METHODS: Clinical serum, ileal tissue, and dynamic NASH model-related analyses collectively confirmed that reg3g is a pivotal gene associated with NASH. Reg3g-/- mice were used to assess the impact of reg3g on liver injury, inflammation, and fibrosis, as well as the underlying mechanism involved. In vitro studies elucidated the regulatory effects of FAQ on reg3g, intestinal barrier function, and intestinal permeability. Subsequently, the efficacy of FAQ was investigated in NASH mouse models. Pathological examinations combined with Western blotting (WB), immunohistochemistry (IHC), and multiplex immunohistochemical (mIHC) analyses were used to evaluate the effects of FAQ on mucosal repair and barrier function. Transepithelial electrical resistance (TEER), fluorescein isothiocyanate-dextran 4 (FD-4) experiments, coupled with enzyme linked immunosorbent assay (ELISA) and chromogenic LAL endotoxin assay were used to confirm intestinal permeability and endotoxin translocation. The results of WB and mIHC reflected the levels of endotoxin recruitment and M1 macrophage polarization in the liver. Parameters such as body weight, transaminases, and cholesterol were utilized to assess the metabolic effects of FAQ.

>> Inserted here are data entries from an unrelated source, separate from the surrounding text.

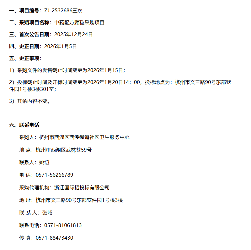 【杭州市西湖区西溪街道社区卫生服务中心】浙江国际招投标有限公司关于杭州市西湖区西溪街道社区卫生服务中心中药配方颗粒采购项目(重招2)的变更公告
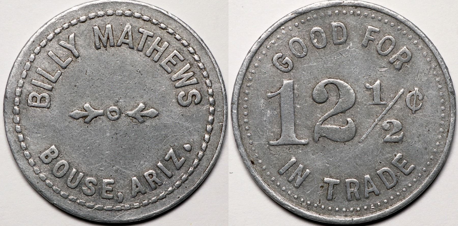 Billy Mathews/Bouse, Ariz. // Good For//12.5c//In Trade. AL, 20mm.
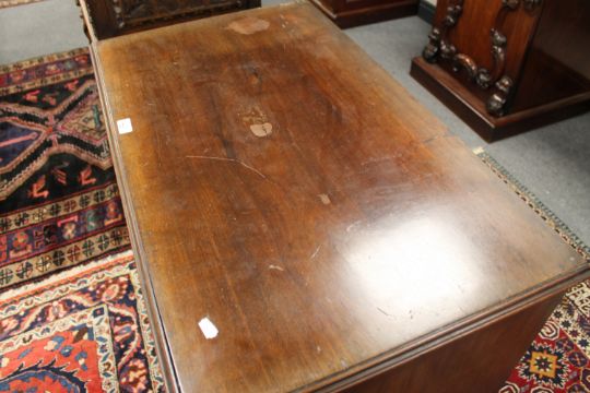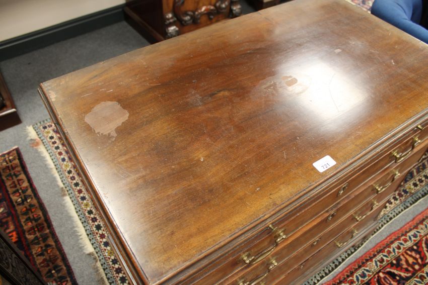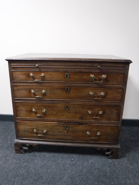A George III mahogany chest of four drawers, with brushing slide, raised on pierced bracket feet, width 87cm.
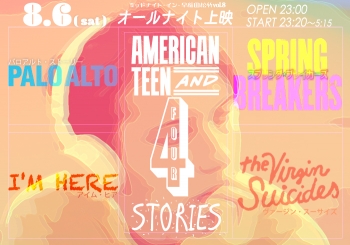 【早稲田松竹】08/06(土)オールナイト上映「パロアルト・ストーリー」「スプリング・ブレイカーズ」「アイム・ヒア」「ヴァージン・スーサイズ」
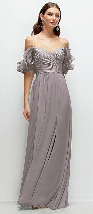 Convertible Ruffle Strap Chiffon Maxi Dress with Full Circle Skirt in cashmere gray

RESULTS: Decreased expression of reg3g was associated with the progression of NASH. Ileal deficiency in reg3g resulted in damage to the intestinal barrier and permeability, leading to the recruitment of endotoxins via the \'gut-liver\' axis to the liver, causing the polarization of M1 macrophages, release of inflammatory factors, excessive inflammation, and activation of hepatic stellate cells (HSCs), leading to fibrosis. FAQ significantly upregulated ileal reg3g expression and the expression of intestinal barrier-related proteins tight junction protein 1 (ZO-1) and occludin (OLCN) in mice (p < 0.05), thereby improving intestinal barrier function and permeability. Reduced intestinal permeability led to decreases in endotoxins entering the bloodstream and accumulating in the liver (p < 0.05). The expression of CD68 suggested reduced polarization of M1 macrophages. Expression levels of actin alpha 2, smooth muscle actin (α-SMA) and extracellular matrix (ECM)-related proteins also decreased, indicating improved liver fibrosis.
CONCLUSIONS: FAQ ameliorates NASH by upregulating the expression of reg3g. The upregulation of reg3g contributes to the repair of the intestinal barrier and permeability, reducing the recruitment of endotoxins and subsequent polarization of M1 macrophages, excessive inflammation, and fibrosis.